The "orange to green" color change was the basis for old-fashioned police breathalyzer tests! The ethanol in the breath was oxidized by the dichromate ions.

Practical Techniques for Making Liquids

Heating under Reflux: Allows you to heat a reaction without losing volatile products (they evaporate, hit a cold condenser, and drip back in).
Distillation: Separates liquids with different boiling points.
Separating Funnel: Used to separate an organic layer from an aqueous (water) layer.
Drying Agents: Adding an anhydrous salt (like \( MgSO_4 \)) to soak up any remaining water.

Key Takeaway: Oxidation products depend on the class of alcohol and the method used (reflux vs. distillation).

4. Spectra: Identifying the Unknown

How do chemists know what they've made? They use Spectroscopy.

Mass Spectrometry (MS)

A mass spectrometer breaks a molecule into pieces.
Molecular Ion Peak (\( M^+ \)): The peak with the highest m/z value (ignoring small isotope peaks). This tells you the Relative Molecular Mass of the whole molecule.
Fragmentation: The molecule breaks into smaller chunks. Example: A peak at m/z = 15 often represents a \( CH_3^+ \) fragment.

Infrared Spectroscopy (IR)

Different bonds vibrate when they absorb infrared radiation. We look for "dips" in the graph at specific wavenumbers (\( cm^{-1} \)).

Key Absorptions to look for:
O-H (Alcohols): A very broad, smooth "U-shaped" dip (3200–3750 \( cm^{-1} \)).
C=O (Carbonyl): A very sharp, strong "V-shaped" peak (1630–1820 \( cm^{-1} \)).
C-H (Alkanes): Present in almost all organic molecules (2850–3100 \( cm^{-1} \)).

Mnemonic for IR:

The O-H in an alcohol is like a broad smile, while the C=O in a ketone or aldehyde is sharp like a dagger!
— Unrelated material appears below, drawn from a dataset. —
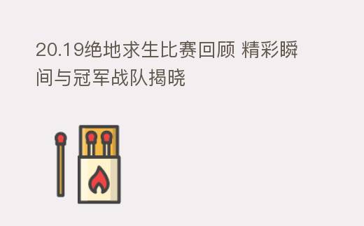 20.19绝地求生比赛回顾 精彩瞬间与冠军战队揭晓

Key Takeaway: Mass spec tells you the "weight" and bits of the puzzle; IR tells you which "functional group" attachments are present.

Quick Chapter Summary

Nucleophiles attack positive carbons in halogenoalkanes (substitution).
Elimination happens in ethanolic KOH to make alkenes.
C-I is the most reactive halogenoalkane because the bond is weak.
Primary alcohols can become aldehydes or carboxylic acids; secondary become ketones; tertiary do nothing.
IR identifies functional groups (look for the broad O-H or sharp C=O).
Mass Spec identifies the molecular mass (\( M^+ \)).